> **INFORMATION**
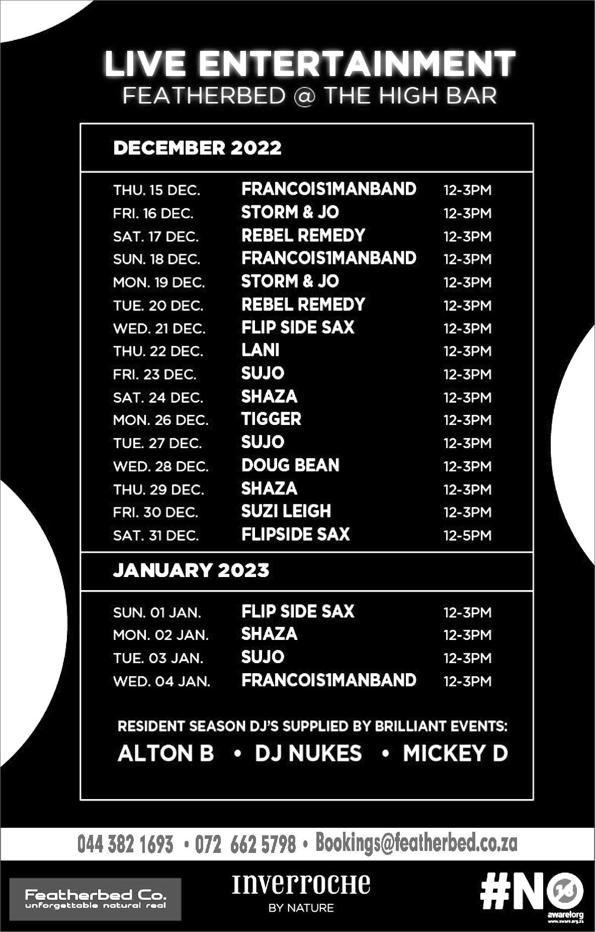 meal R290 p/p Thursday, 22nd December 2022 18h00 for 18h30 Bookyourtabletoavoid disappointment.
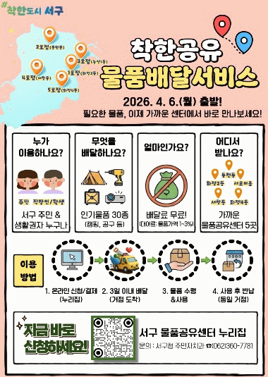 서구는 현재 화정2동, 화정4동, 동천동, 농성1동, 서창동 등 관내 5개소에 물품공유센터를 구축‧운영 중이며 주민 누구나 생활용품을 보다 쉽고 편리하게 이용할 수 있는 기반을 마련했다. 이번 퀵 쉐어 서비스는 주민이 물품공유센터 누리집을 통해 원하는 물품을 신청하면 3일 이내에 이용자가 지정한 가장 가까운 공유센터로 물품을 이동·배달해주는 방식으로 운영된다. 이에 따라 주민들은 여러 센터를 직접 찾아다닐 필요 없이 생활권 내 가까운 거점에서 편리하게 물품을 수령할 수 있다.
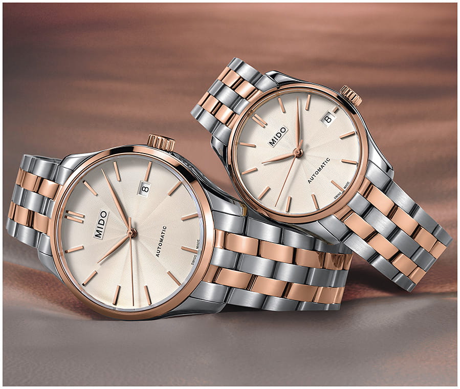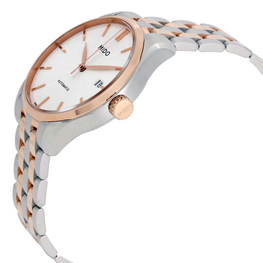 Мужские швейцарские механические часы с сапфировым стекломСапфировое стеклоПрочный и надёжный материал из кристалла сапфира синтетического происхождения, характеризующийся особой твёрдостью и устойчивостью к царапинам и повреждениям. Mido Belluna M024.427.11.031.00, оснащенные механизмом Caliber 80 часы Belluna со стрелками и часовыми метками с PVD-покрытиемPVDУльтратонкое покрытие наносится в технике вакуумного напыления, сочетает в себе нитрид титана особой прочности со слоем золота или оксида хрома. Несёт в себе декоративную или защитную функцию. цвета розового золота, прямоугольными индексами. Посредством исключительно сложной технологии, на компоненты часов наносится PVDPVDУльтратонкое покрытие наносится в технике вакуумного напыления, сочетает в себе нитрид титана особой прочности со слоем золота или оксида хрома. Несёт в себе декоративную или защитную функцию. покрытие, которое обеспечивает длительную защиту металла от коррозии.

--

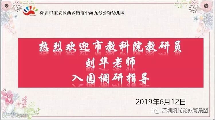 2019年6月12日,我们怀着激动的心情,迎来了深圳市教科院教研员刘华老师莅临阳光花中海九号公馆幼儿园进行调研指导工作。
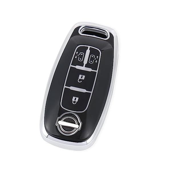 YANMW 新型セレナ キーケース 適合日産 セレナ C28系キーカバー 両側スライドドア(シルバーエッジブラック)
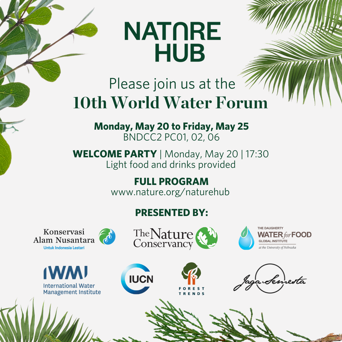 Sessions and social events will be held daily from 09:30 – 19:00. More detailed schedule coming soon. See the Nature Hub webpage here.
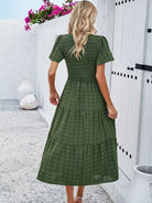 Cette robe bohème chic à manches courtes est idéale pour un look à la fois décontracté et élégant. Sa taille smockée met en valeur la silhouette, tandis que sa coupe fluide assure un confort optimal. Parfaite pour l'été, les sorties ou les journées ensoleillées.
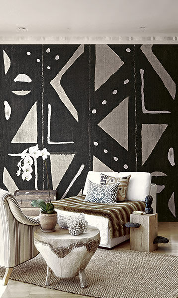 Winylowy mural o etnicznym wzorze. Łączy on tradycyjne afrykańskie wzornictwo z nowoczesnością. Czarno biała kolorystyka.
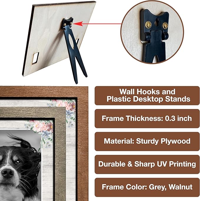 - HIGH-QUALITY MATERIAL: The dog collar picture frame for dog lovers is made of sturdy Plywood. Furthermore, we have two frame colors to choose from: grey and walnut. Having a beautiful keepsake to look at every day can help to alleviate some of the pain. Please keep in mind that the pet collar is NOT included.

> **WHAT IS EXPECTED**
The result should be an exact copy of only the lines above from the one that holds "Cette robe bohème" through the one that holds "- HIGH-QUALITY MATERIAL: The", both ends included, without pictures.

> **FINAL ANSWER**
 Cette robe bohème chic à manches courtes est idéale pour un look à la fois décontracté et élégant. Sa taille smockée met en valeur la silhouette, tandis que sa coupe fluide assure un confort optimal. Parfaite pour l'été, les sorties ou les journées ensoleillées.
 Winylowy mural o etnicznym wzorze. Łączy on tradycyjne afrykańskie wzornictwo z nowoczesnością. Czarno biała kolorystyka.
 - HIGH-QUALITY MATERIAL: The dog collar picture frame for dog lovers is made of sturdy Plywood. Furthermore, we have two frame colors to choose from: grey and walnut. Having a beautiful keepsake to look at every day can help to alleviate some of the pain. Please keep in mind that the pet collar is NOT included.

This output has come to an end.